大友克洋『浦沢直樹の漫勉neo』で垣間見えた作家性と人間らしさ 代表作『童夢』の映画的な画作りを解剖

『漫勉』大友克洋と浦沢直樹がトーク

  3月29日。『浦沢直樹の漫勉neo』(NHK Eテレ、以下『漫勉』)が放送された。『20世紀少年』(小学館)や『連続漫画小説 あさドラ!』(同)の作者として知られる漫画家・浦沢直樹がプレゼンターを務める『漫勉』は、普段は立ち入ることができない漫画家の執筆風景を最新の機材で撮影し、その映像を見ながらゲストの漫画家と語り合う番組だ。

  今回のゲストは『AKIRA』(講談社)の作者として知られる大友克洋。
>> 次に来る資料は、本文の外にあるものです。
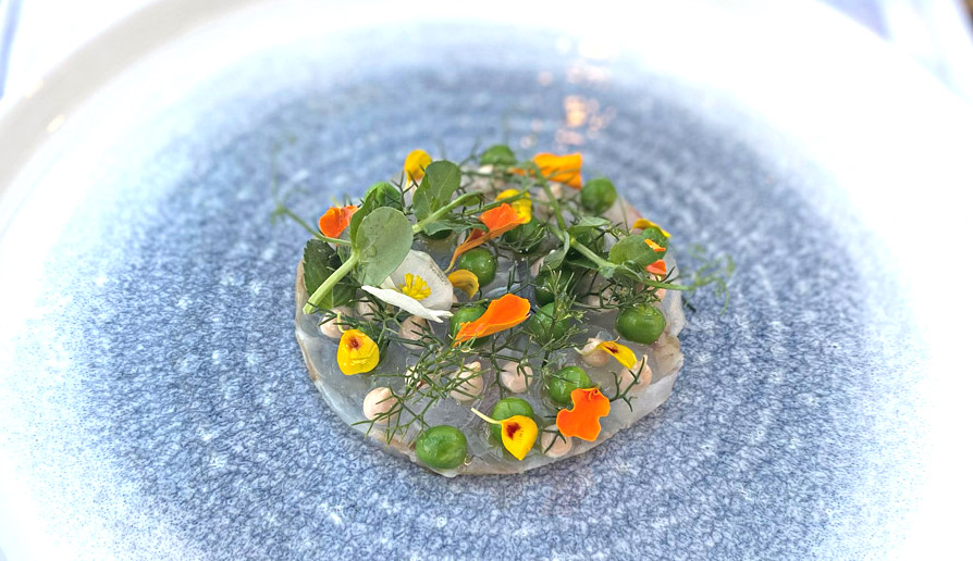 Četvrti slijed i prvo toplo predjelo bio je definitivno najbolji tanjur večeri. Škombar, odnosno skuša, krema od kukuruza spojena s tehnički savršenim hollandaise umakom, mahune koje teksturom neodoljivo podsjećaju na popularni mac and cheese, crumble od inućuna, umak od pečene paprike i vlasac. Ovdje Stiven pokazuje elegantnu ruku, bez puno pretjerivanja u tehnikama. No, svaki element ima svoje mjesto na tanjuru s različitim teksturama, a okusi su maksimalno izvučeni i međusobno se nadopunjuju.

1983年に刊行された大友の代表作『童夢』(双葉社)を70インチのモニターに映された生原稿を観ながら振り返るという構成になっていた。

 

小津安二郎、キューブリック…『童夢』の「映画的」な見せ方

『童夢』(双葉社)

 『童夢』は、ある団地で次々と起こる連続不審死の背後で起こっている二人の能力者の対決を描いた全1巻の漫画だ。

 当時、浦沢は団地の全貌を描いた見開きのページに小さく「ドサッ」と書かれた吹き出しを観て静かな圧力を感じ「漫画はこういう時代になる」と衝撃を受けたという。同時に浦沢は『童夢』のコマ割りで「断ち切り」(枠線を描かずに誌面の端まで絵を描く)を使っていないことに注目。これに対し大友は「絵の中に(読者を)引き込みたい」と答えている。
 
 画だけで状況を見せていく『童夢』を「映画的」だと、浦沢は繰り返し語る。たとえば、正面から人物を捉えたカットの「切り返し」で進む事情聴取の場面を「小津安二郎」だと言い、この表現が可能なのは大友が鼻を正面から描けるからだと指摘する。それまでの漫画の鼻は、斜めから観た鼻筋を記号的に描いたものが多く、正面から描くことが難しかったのだが、大友はそれを可能にしたという。

 他にもスタンリー・キューブリック監督の映画『シャイニング』との類似性や、事情聴取と同時進行で刑事たちが動く姿が挟み込まれるカット割りなど、数々の映画的手法が『童夢』に持ち込まれたことが、二人の会話を聞いていると理解できる。